Глаза — два жгучие светила…
Беззвучно плачет он пока,
но знает — станут грозной силой
два слабых детских кулачка.
Сурово сомкнутые губы
случайный крик не разожмет.
В тиши, в кедровых яслях грубых
Спаситель новый часа ждет.
Впрочем, наш Молчун, к сожалению, не удовольствовался декламацией этого знаменитого стихотворения Даниэла Варужана;
[82]
учитель Восканян недаром именовал себя «ашугом» — народным бардом: он не упустил случая осчастливить слушателей предлинным стихотворением собственного сочинения, единственным достоинством которого было то, что, несмотря на обилие строф, оно обрушилось на толпу, как дождь из ведра, который тут же и миновал. Не дождавшись от ошеломленной публики аплодисментов, бард высоко поднял свой карабин — приветствуя или угрожая, так и осталось неизвестным, и гордо удалился, уступив место музыкантам.
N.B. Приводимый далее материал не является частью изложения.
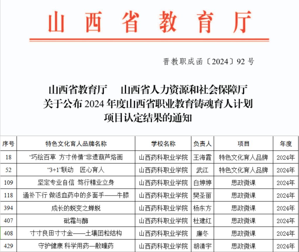 近日,山西省教育厅公布2024年度职业教育铸魂育人计划项目认定结果,ac米兰铸魂育人“三个一工程”建设喜获佳绩,其中“巧绘百草,方寸传情”非遗葫芦烙画等2个项目被认定为特色文化育人品牌,《坚定专业自信 笃行精业立身》等6个微课被认定为省级职业教育思政微课。

За этим последовала лучшая часть праздничной программы. Сначала постеснявшись немного, молодые люди в конце концов встали в пары и отплясали всем хорошо знакомые танцы горцев — дардз-пар и болор-пар. Габриэл увлек на площадку и Жюльетту, однако не прошло и минуты, как она запросила пощады, — этих танцев она не танцует. Гонзаго и Гранту Восканяну она тоже отказала. Молчуну, должно быть, было немного легче получить отказ оттого, что «неженке» было тоже отказано. Зато Искуи протанцевала с Габриэлом весь болор-пар до конца. В прыгающих Отблесках костра девушка казалась радостной, щеки порозовели, хотя никогда еще она так не страдала от своего увечья, как в этот вечер.
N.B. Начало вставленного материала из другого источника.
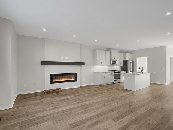 COMPLETED NEW CONSTRUCTION - This Afton floorplan impresses with its spacious entry from the garage, with a walk-out and closet for coats and shoes. The main level features an open-concept layout with a sleek fireplace in the family room, a modern galley kitchen with pantry space, a spacious outdoor deck, and a laundry room. All 3 bedrooms are located on the upper level and feature a spacious owner's suite with attached bath and huge walk-in closet. Designer-selected finishes seen throughout marking the latest design trends. This home is located in a stunning community near Maple Grove's amenities and behind Elm Creek Park Reserve.

Габриэл довольно скоро возвратился на позиции Северного сектора. Мало-помалу разошлись по домам женщины. Зато молодежь еще долго веселилась, не забывая подбрасывать хворост в костры. Среди танцоров, как ни странно, отличился своей лихостью Саркис Киликян. Между прочим, несмотря на его мало привлекательную внешность, девушки охотно танцевали с ним. Танцевал он ловко, изобретательно, важно и презрительно склонив над партнершей безжизненное лицо, похожее на маску юного мертвеца. А слабоумный Геворк в упоении кружился между парами. На этот раз в руке он держал не подсолнечник, а ветвь мирты.
Такова набросанная в грубых чертах жизнь, какой она была первые две недели на Муса-даге. По сути, здесь было все, что составляет и жизнь всего человечества. Народ пребывал в пустыне среди пустоты. Смерть окружала его, не оставив ни единой лазейки, и лишь мечтатель способен был надеяться на спасение от неминуемой гибели.
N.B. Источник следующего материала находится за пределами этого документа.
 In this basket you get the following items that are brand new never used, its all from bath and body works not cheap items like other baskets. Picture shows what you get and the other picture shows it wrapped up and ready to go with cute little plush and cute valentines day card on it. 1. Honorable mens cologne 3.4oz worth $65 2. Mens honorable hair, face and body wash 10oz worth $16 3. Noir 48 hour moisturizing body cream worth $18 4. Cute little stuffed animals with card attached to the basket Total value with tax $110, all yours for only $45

Краткая история мусадагского народа развивалась по закону наименьшего сопротивления. Этот закон навязал ему и обобществленную экономику, с которой большинство так или иначе мирилось. Больше остальных страдали от реквизиции собственности богачи-скотоводы. Совершенно очевидное соображение о том, что при депортации они лишились бы не только собственности, но и жизни, мало утешало их. Даже теперь, когда жить оставалось несколько недель, если не дней, эти люди делали все, лишь бы отличиться своим образом жизни от серой массы. Несмотря на ежедневно преодолеваемые трудности, тоска людей по радости и увеселениям, даже по духовным ценностям оказалась неистребимой. Был, например, и такой человек, как аптекарь Грикор, — таких, между прочим, не везде встретишь! Сей великий стоик и под занесенным над ним кровавым мечом черпал познания не столько из любимых книг, сколько из плодотворного ничто.
Вокруг пустыня. Смерть караулит на границах. Но, защищенный валами, народ чувствует себя удивительно надежно: он и ссорится по пустякам, и поет, и танцует вечерами. Жизнь берет свое! Возврат в долину, в те райские доисторические времена, из которых это крохотное человечество, не знавшее за собой никакой вины, изгнано чудовищным приказом высшей правительственной инстанции, — немыслим.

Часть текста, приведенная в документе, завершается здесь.